The new systems have already been put to the test, and passed with high grades.

"With the West Nile virus striking as it did this year, it showed that the systems the states have set up are working. It was a reaffirmation of what we needed to do," Henderson said.

Henderson ended his lecture with a brief history of smallpox.

The U.S. ended smallpox vaccination in 1972, so no one under the age of 30-or 45 percent of the U.S. population-has been vaccinated, Henderson said. By 1980, the disease had been eradicated worldwide, and vaccine production stopped. The current thinking is that a single, 30-year-old vaccine will no longer protect a person, Henderson said, so "we have a large number of susceptible people."
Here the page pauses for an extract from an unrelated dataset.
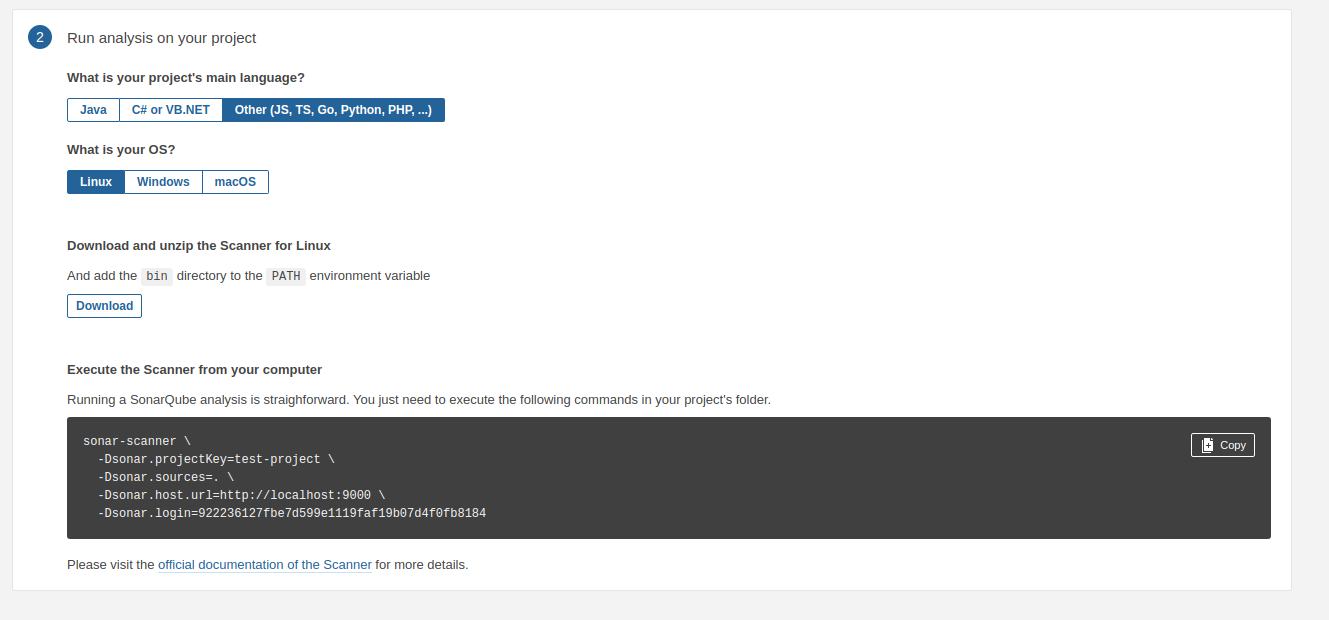 Để bắt đầu sử dụng SonarQube, bạn cần tạo 1 project trên web để lấy token và setup các rules cho SonarQube.

And because smallpox can be transmitted from a vaccinated person to an unvaccinated one, the decision to be vaccinated "is not just a personal decision, it's a societal decision," Henderson said.

Smallpox is a serious, deadly disease; 30 percent of unvaccinated people who contract the disease die. But the vaccine also has problems. One person per million who receives the vaccine dies, and 25 people per million have severe complications. People at risk for serious complications include those with eczema or immune deficiencies.

Between 10 and 12 days after exposure to smallpox, a person will develop a very high fever, which lasts for about two days, Henderson said. A rash then appears on the face and in the mouth. Transmission of the disease is possible once the rash appears, but the stricken person is by then so debilitated that they must be confined to bed.

"So smallpox spreads within families or in hospitals," Henderson said. "The idea of having an infected terrorist come in and spread smallpox is a very unrealistic scenario."

Henderson left the audience without clear answers to the paradoxes of our time.

"We're making great strides in biology which lead us to more vaccines. But at the same time, we open the door to building more virulent weapons. How do we handle this? We can't strangle science by limiting publication on advances that might lead to cures," he said. "The problem will be with us always. We'll never get the genie of biological science back into the bottle.

"Every night I wonder if there isn't something more we could do to be prepared when the next shoe drops."